Sur le plan populationnel, les taux de prévalence annuelle de violence physique et psychologique examinés en fonction de l’âge des enfants [17] sont similaires à ceux rapportés dans les plus récentes études canadiennes [100] et américaines [101–104]. En outre, la diminution observée au sujet du recours à la punition corporelle au Québec suit la même tendance que ce qui est observé au Canada [232] et aux États-Unis [105]. Au regard des insultes dirigées vers l’enfant, les taux québécois sont aussi similaires à ceux obtenus par Finkelhor et ses collaborateurs, qui en observent une diminution significative dans leurs enquêtes populationnelles américaines conduites en 2003 et en 2008 [101].

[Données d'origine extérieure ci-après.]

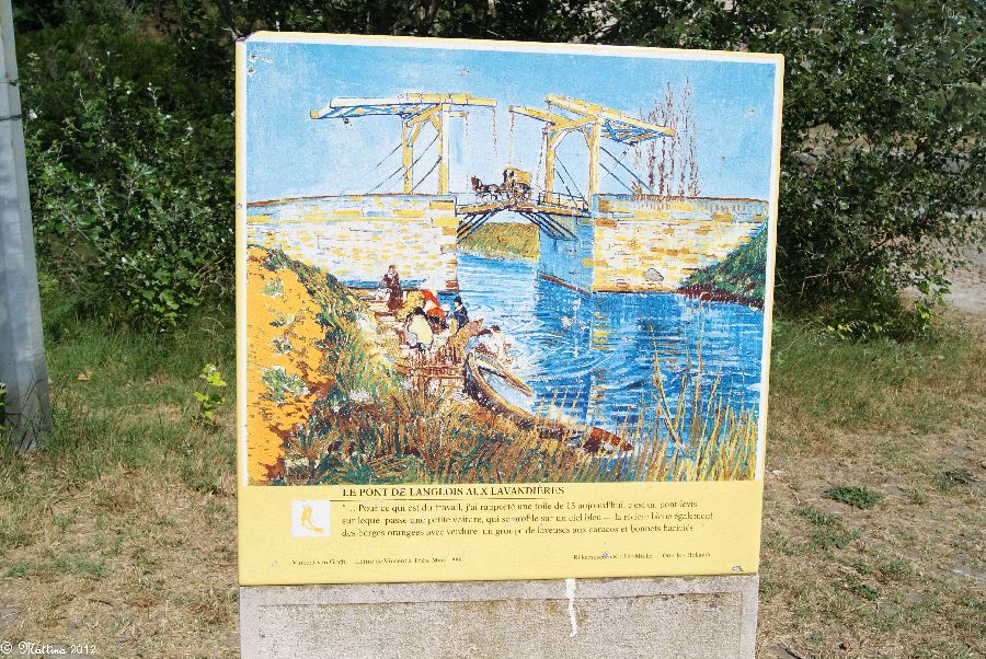 und so in Wirklichkeit. Allerdings steht die heutige Brücke nicht am Originalplatz. Denn dort, wo Van Gogh sie einst malte ist alles zugebaut. Diese Brücke wurde 1959 in Fos gebaut, 1962 hier aufgestellt und 1997 komplett restauriert. Zur Zeit Van Goghs gab es zwei dieser Holzbrücken über den Kanal.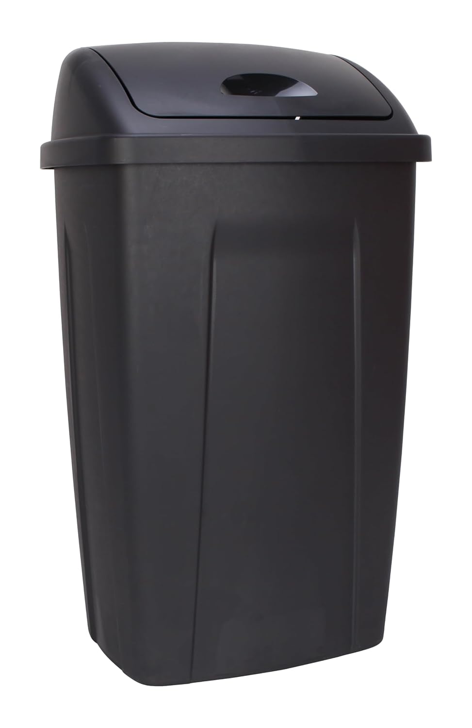 13 Gallon Trash Can, Plastic Swing Top Kitchen Garbage Trash Can, Black
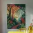 A vibrant and stylized illustration depicting a whimsical forest scene. A winding reddish path leads the viewer through a dense array of colorful trees and lush, oversized foliage. The color palette is rich and varied, with deep greens, reds, oranges, and hints of lighter blues and yellows, creating a fantastical and inviting atmosphere. The art style is bold and graphic, emphasizing shapes and textures over realistic detail.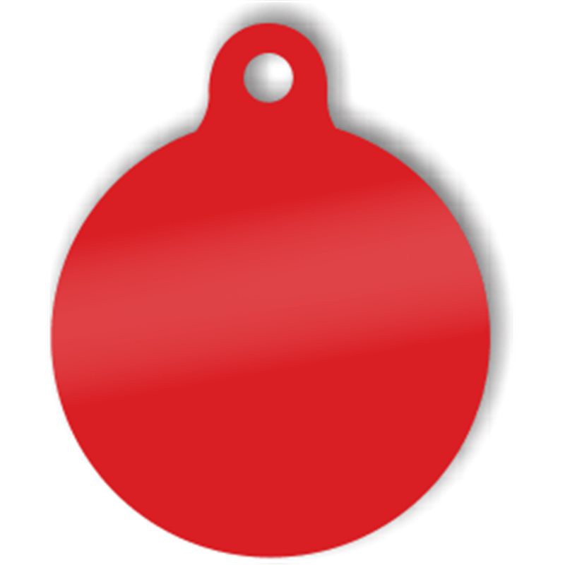 Psí známka ve tvaru kolečka z leštěného eloxovaného barevného hliníku v červené barvě o průměru 27 mm s otvorem pro kroužek k uchycení na obojek o průměru 3 mm.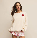 Oversized and cozy, this signature fleece sweatshirt features a bold red heart boucle graphic on the front. Relaxed and easy, it’s your go-to for lounging with a playful twist.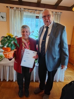 Als weiteren Punkt der Tagesordnung war die Ehrung verdienter Mitglieder. Zur Freude des Vorsitzenden bekam der OV Besuch von einer Rechtsanwältin aus der Bezirksgeschäftsstelle in Darmstadt, mir der unser Vorsitzender im Rahmen seiner Beratung zusammenarbeitet. Frau Helen Ördög bedankte sich für die spontane Einladung der sie gerne privat gefolgt sei.

En ce qui concerne la prévalence annuelle de l’exposition des enfants à des conduites violentes entre conjoints, qu’elles soient de nature psychologique ou physique, les données québécoises sont aussi comparables à ce que d’autres enquêtes américaines ont montré [101,106]. Au Québec, une enquête réalisée auprès d’un échantillon de parents d’enfants âgés de 2 à 11 ans avait d’ailleurs aussi trouvé, en 2011, un taux annuel d’exposition à des menaces de destruction d’objets entre conjoints de 3,5 % et d’exposition à des gestes physiques, tels que pousser ou frapper un conjoint, de 1,5 % [59]. Enfin, en ce qui concerne la négligence, les résultats obtenus dans l’enquête de 2012 [17] font échos à ceux obtenus dans deux enquêtes comparables américaines [81,107], bien que peu d’études populationnelles aient à ce jour permis de la documenter auprès des parents de la population générale.

Bien que l’analyse comparée des données recueillies auprès des services de protection et des données issues des enquêtes populationnelles ne soit pas l’objet du présent chapitre, la mise en parallèle de ces résultats soulève d’intéressantes questions. D’abord, il y a un écart considérable entre l’ampleur des estimations issues des deux sources de données, faisant écho aux constats que d’autres ont déjà faits [66,98,108]. En grande partie parce qu’elles permettent d’identifier des situations de maltraitance qui ne seront jamais signalées ou dévoilées aux autorités médicales et sociales, les enquêtes populationnelles produisent des prévalences qui peuvent être de 30 à 90 fois plus élevées que les taux estimés à partir des cas connus des services de protection de la jeunesse [108]. S’il est clair que les taux calculés à partir des cas connus des services de protection sous-estiment l’ampleur réelle de la maltraitance, le sens du biais attribuable aux mesures autorapportées des enquêtes populationnelles l’est moins. En effet, si les notions de chronicité, qui sont inhérentes à la maltraitance psychologique et à la négligence émotionnelle, ne sont pas considérées dans les définitions de ces formes de maltraitance, les prévalences qui en résultent pourraient surestimer l’ampleur réelle du phénomène. De plus, les enquêtes populationnelles reposent sur la perspective du parent, ce qui peut introduire certains biais. C’est pourquoi la plupart des experts en épidémiologie de la maltraitance s’entendent pour dire que les deux types d’études sont nécessaires pour guider les efforts d’intervention et de prévention. Certains soulignent également que davantage de recherches devraient s’attarder à analyser ces écarts [108].

D’ailleurs, on constate qu’au Québec, comme ailleurs dans le monde, les deux types de données pointent dans le sens d’une stabilité ou d’une diminution de la fréquence des mauvais traitements. On peut voir cela comme un signe encourageant, mais cela peut également sembler bien peu considérant l’ampleur des efforts qui sont déployés en prévention.